Она лежит голая и мокрая, раскинув руки, ноги и сиськи — и наконец-то полузакрыв глаза. Улыбается блаженно. Я так и не перевернул ее вверх той самой знаменитой задницей; досадно, черт. В следующий раз?..
— Мне на дежурство, — говорит она, не открывая глаз.
Спохватившись, беру в замок ее запястье. Сдавливаю не слишком сильно:
— Пофиг. Лежи.
Она лениво потягивается. Я никак не могу понять, в каком она сейчас времени. И в каком времени я сам. Приходит в голову, что разница между спецохранцем и госпитальной девкой немногим больше, чем у ликвидатора и столовской, а может, и аналогична вообще. И непонятно, чего я дергался. Не впервой.
Она протягивает крест-накрест свободную руку и поглаживает:
— Большой.
Девки думают, что ни один мужчина не может это слышать равнодушно. Дуры.

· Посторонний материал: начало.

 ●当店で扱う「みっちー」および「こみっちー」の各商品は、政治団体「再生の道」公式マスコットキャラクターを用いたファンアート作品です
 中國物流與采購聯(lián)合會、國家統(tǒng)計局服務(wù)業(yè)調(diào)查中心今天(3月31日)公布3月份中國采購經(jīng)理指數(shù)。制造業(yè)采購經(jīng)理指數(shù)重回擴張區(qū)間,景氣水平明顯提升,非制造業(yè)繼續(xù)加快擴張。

Нато у меня однажды за такое получила; как будто я сам не знаю, что большой.
— Ты ликвидатор, Молния, — говорит она без вопроса, и лучше бы не говорила.
— Я спецохранец.
— В сером?
Она приподнимается на локте, подцепляет в щепотку за ворот мой сброшенный комбинезон — со стуком откатывается куда-то ликвид — и окончательно открывает глаза.

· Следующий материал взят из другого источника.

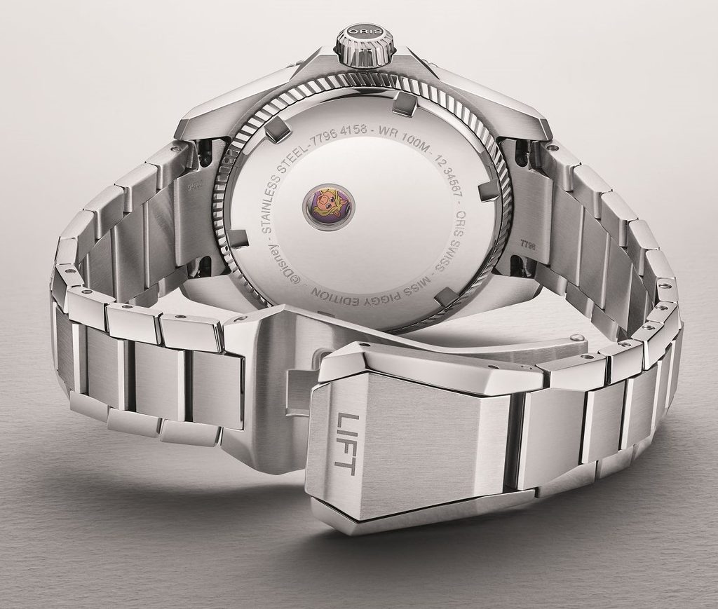 The case of the Oris ProPilot X Miss Piggy Edition 0153177964158-0781705LC is made of stainless steel, as is its bracelet. Inside, the Oris 531 Swiss mechanical movement (based on the Sellita SW100) with automatic winding works reliably. This movement has 25 stone fits within it and operates at a frequency of 28,800 semi-frequencies per hour (4 Hz). You can then observe the portrait of Miss Piggy on the dial using a mineral slide.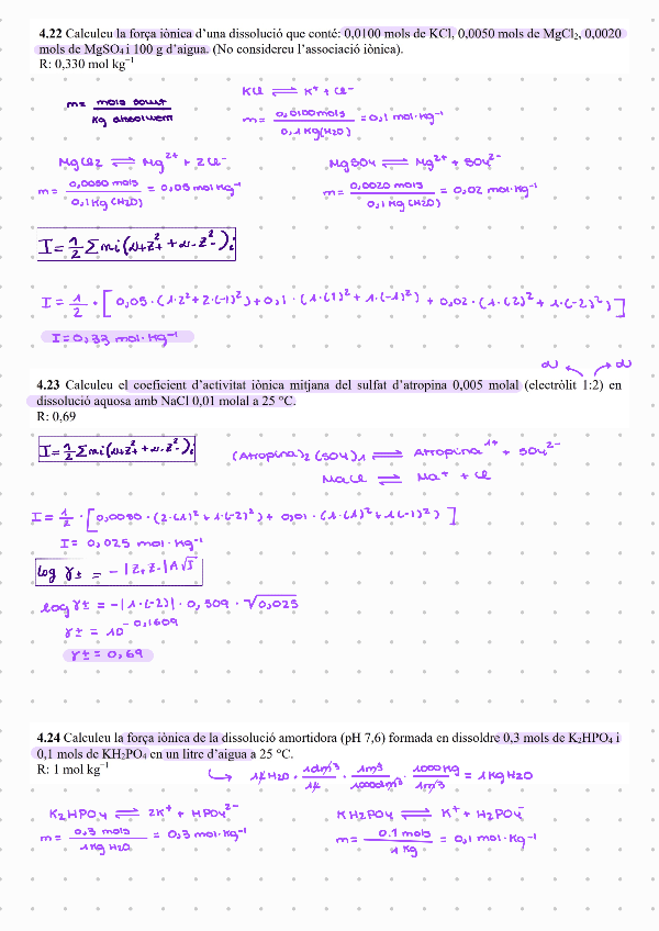 Exercicis ressolts de la part de dissolucions ELECTRLÍTIQUES del tema 4

Сажусь и забираю у нее свою форму. Отвернувшись, начинаю одеваться. Я люблю свою работу, а знаки отличия мне скоро выдадут другие. Не ее собачье дело.
— Я заметила, что ты в спецохранном времени, — говорит у меня за спиной. — Иначе мы бы и не встретились, разве что…
Короткий смешок, за который я готов ее убить. Не встаю и не припечатываю только потому, что заедает молния. От совпадения слов самому становится смешно.